__Data shown__.
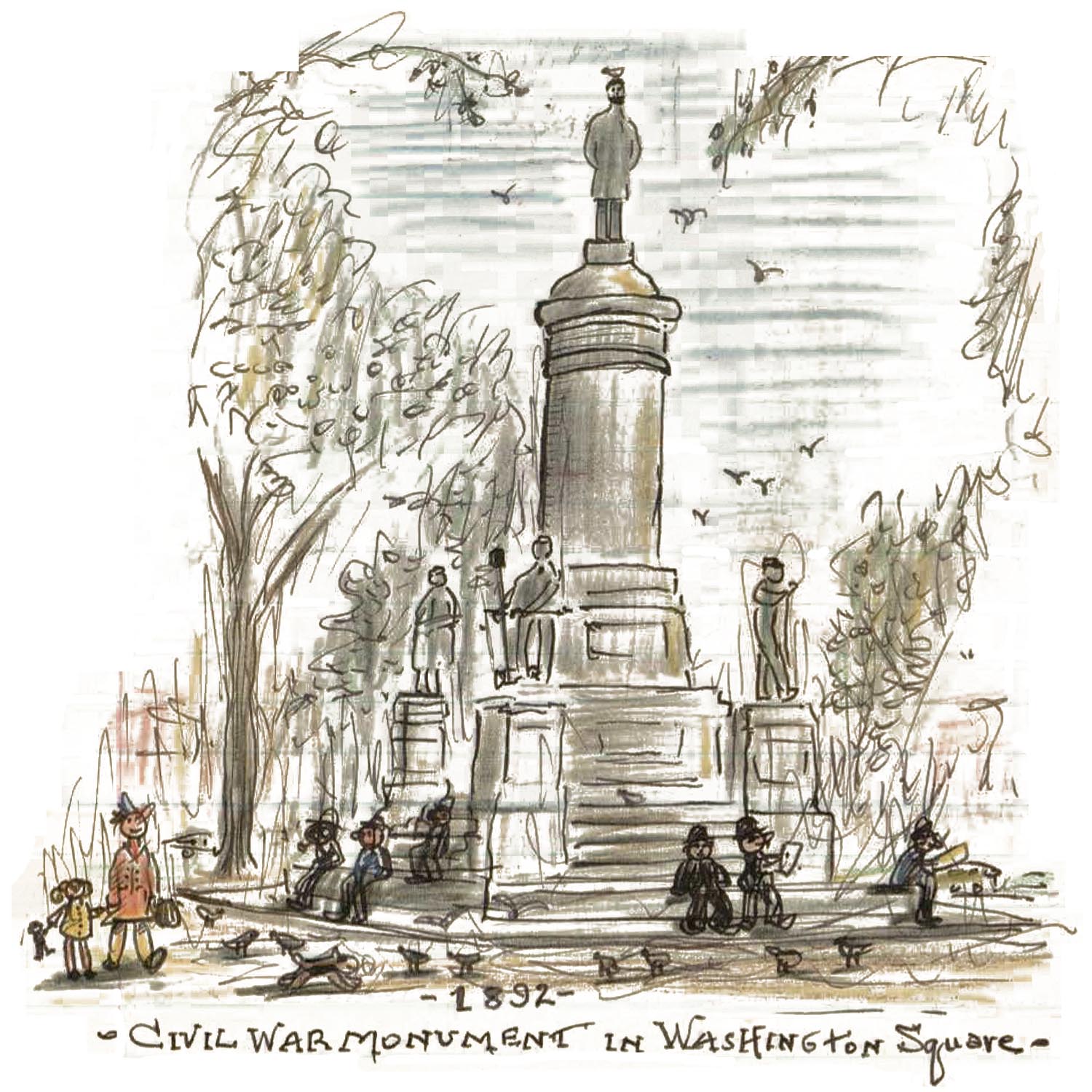 Abraham Lincoln at the top. Dedicated on Memorial Day, 1892, in the presence of President Benjamin Harrison, Gov. Roswell P. Flower and Frederick Douglass. There was a crowd of 10,000. Many wonder today why it is called “Washington Square” when the only monument is for Lincoln. It was called “Johnson Square” in the early days after Elisha Johnson who gave the lands for the square. That’s what it should be today. George Washington never slept there. Bums sleep there on hot nights in the summertime. Here is what the tablet reads: “To those who faithful unto death, gave their lives for the country” “1861 – 1865.” And the words of Lincoln: “We here highly resolve that the dead shall not have died in vain.” The sculptor and designer was Leonard W. Volk. Mr. Wilkinson shook the hands of the above noted gents at a reception in the Powers Building that day.
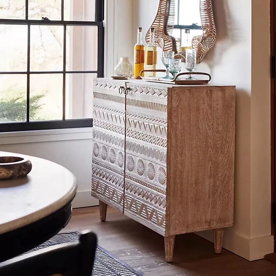 Buffet de rangement en bois massif de luxe rétro, multi-usages, 2 portes, 4 tiroirs de rangement, buffet vintage
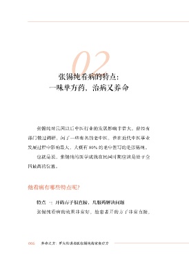 02 张锡纯看病的特点: 一味单方药,治病又养命 张锡纯对民国以后中医行业的发展影响非常大。曾经有 部门做过调研,问了一些有名的老中医,谁在近代中医事业 发展过程中影响最大,大概有 80% 的老中医写的是张锡纯。 也就是说,张锡纯的医学成就在民国时期应该是处于全 国最高的位置。 他看病有哪些特点呢? 特点一:开的方子很直接,几服药解决问题 张锡纯看病的效果非常好,给患者开的方子非常直接, 006 养命之方:罗大伦讲名医张锡纯传家食疗方
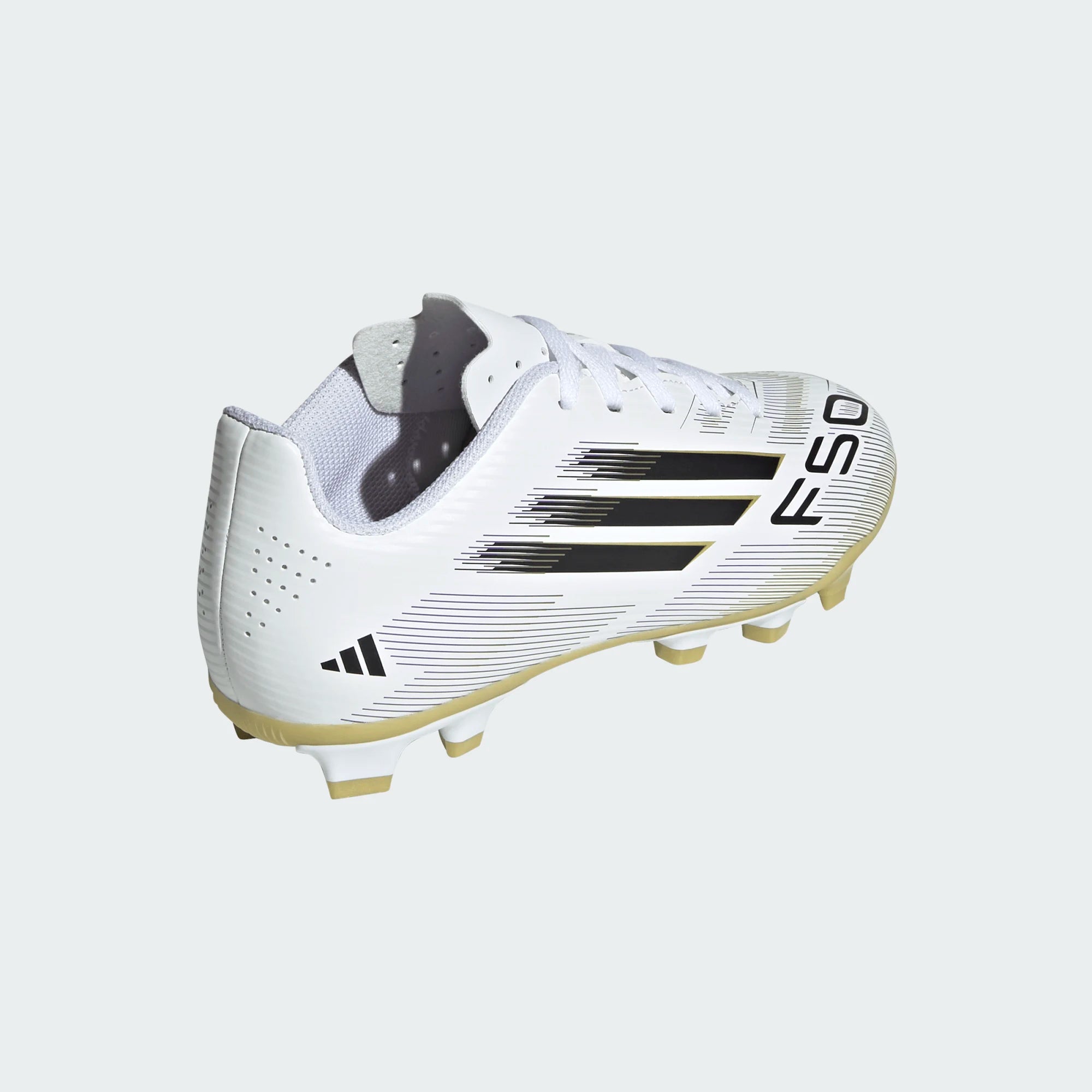 Push your pace to the limit in lightweight adidas F50 footwear engineered for speed. These juniors' Club football boots keep you comfortable on the move with a supportive Fiberskin upper and perforated tongue. Underneath, a versatile outsole propels you to lightning-fast play on firm ground and artificial grass surfaces. This product features at least 20% recycled materials. By reusing materials that have already been created, we help to reduce waste and our reliance on finite resources and reduce the footprint of the products we make.

__Aim of the exercise__.
Repeat the data in full and exactly. Omit pictures.

__Solution to this problem__.
 Abraham Lincoln at the top. Dedicated on Memorial Day, 1892, in the presence of President Benjamin Harrison, Gov. Roswell P. Flower and Frederick Douglass. There was a crowd of 10,000. Many wonder today why it is called “Washington Square” when the only monument is for Lincoln. It was called “Johnson Square” in the early days after Elisha Johnson who gave the lands for the square. That’s what it should be today. George Washington never slept there. Bums sleep there on hot nights in the summertime. Here is what the tablet reads: “To those who faithful unto death, gave their lives for the country” “1861 – 1865.” And the words of Lincoln: “We here highly resolve that the dead shall not have died in vain.” The sculptor and designer was Leonard W. Volk. Mr. Wilkinson shook the hands of the above noted gents at a reception in the Powers Building that day.
 Buffet de rangement en bois massif de luxe rétro, multi-usages, 2 portes, 4 tiroirs de rangement, buffet vintage
 02 张锡纯看病的特点: 一味单方药,治病又养命 张锡纯对民国以后中医行业的发展影响非常大。曾经有 部门做过调研,问了一些有名的老中医,谁在近代中医事业 发展过程中影响最大,大概有 80% 的老中医写的是张锡纯。 也就是说,张锡纯的医学成就在民国时期应该是处于全 国最高的位置。 他看病有哪些特点呢? 特点一:开的方子很直接,几服药解决问题 张锡纯看病的效果非常好,给患者开的方子非常直接, 006 养命之方:罗大伦讲名医张锡纯传家食疗方
 Push your pace to the limit in lightweight adidas F50 footwear engineered for speed. These juniors' Club football boots keep you comfortable on the move with a supportive Fiberskin upper and perforated tongue. Underneath, a versatile outsole propels you to lightning-fast play on firm ground and artificial grass surfaces. This product features at least 20% recycled materials. By reusing materials that have already been created, we help to reduce waste and our reliance on finite resources and reduce the footprint of the products we make.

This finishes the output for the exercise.